[Role of inflammation in heart failure with preserved ejection fraction: from nephro-metabolic interactions to future therapeutic implications].

Abstract

Heart failure with preserved ejection fraction (HFpEF) is a complex clinical entity frequently associated with chronic kidney disease (CKD). Recent studies indicate that 50-60% of HFpEF patients also have CKD, and the prevalence of HFpEF among CKD patients is similarly high. Chronic low-grade systemic inflammation is common to both conditions and is linked to risk factors such as obesity, insulin resistance, and diabetes. The hyperactivation of the mineralocorticoid receptor plays a central role in this process, contributing to interstitial fibrosis and inflammation. Additional factors, including metabolic acidosis, gut dysbiosis, and reduced expression of the α-Klotho protein, amplify the inflammatory response. This systemic inflammation reduces nitric oxide production, impairing cardiac diastolic function and, together with metabolic syndrome and aging, further exacerbates the already complex cardiac pathology.
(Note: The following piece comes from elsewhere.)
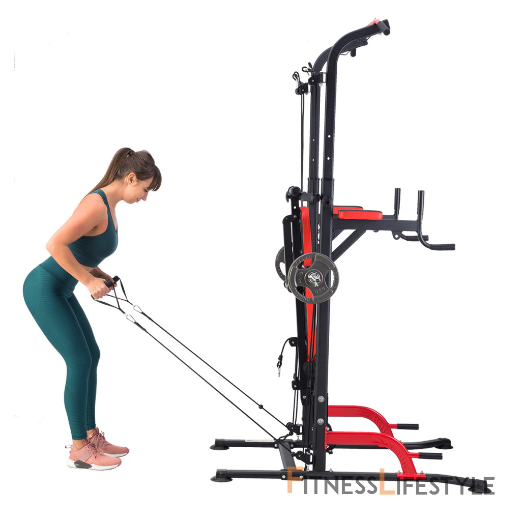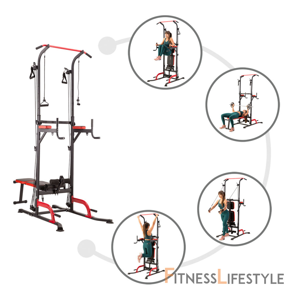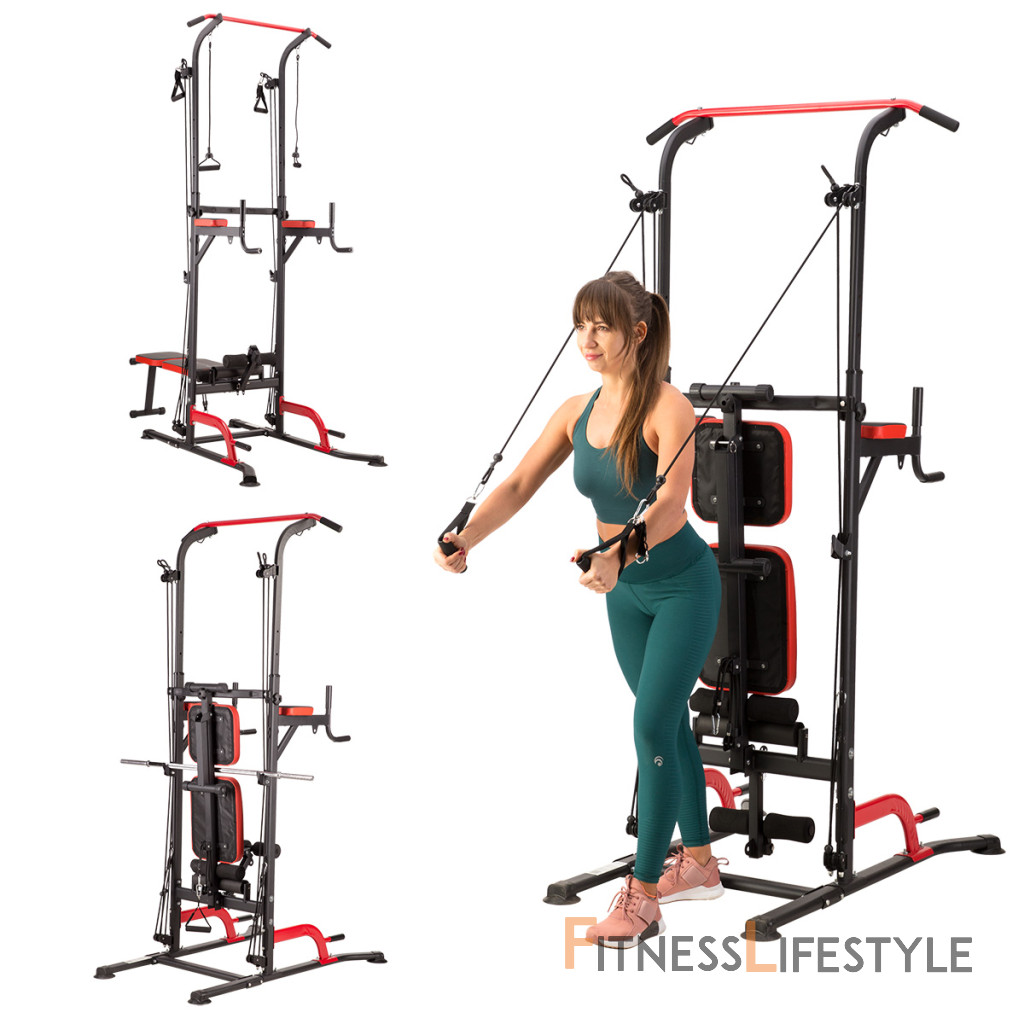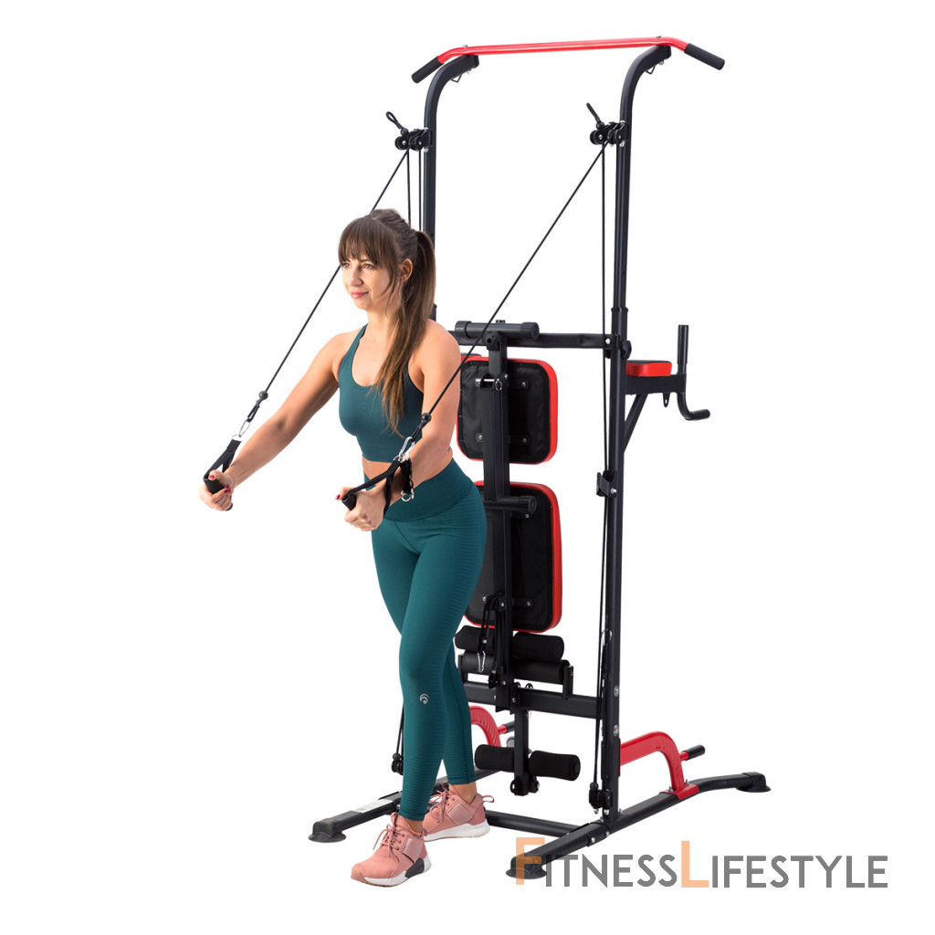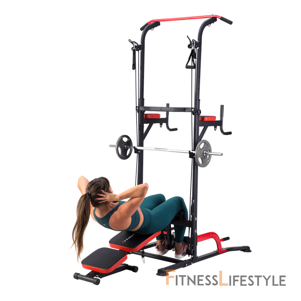 HMS PWL8325 je multifunkčná hrazda s podperami, bradlami, hornou, spodnou kladkou a polohovateľnou lavicou. Umožní vám komplexne precvičiť všetky svalové skupiny hornej polovice tela – hrudník, chrbtové svaly, tricepsy a brucho.

Therapeutic strategies aimed at reducing inflammation, such as renin-angiotensin-aldosterone system inhibitors and sodium-glucose cotransporter 2 inhibitors, show promising potential. Additionally, the use of anti-inflammatory drugs and novel interventions to restore gut microbiota balance may offer new opportunities to improve prognosis in patients with HFpEF and CKD. Further studies are needed to clarify the clinical efficacy of these approaches and their role in optimizing the management of this complex patient population.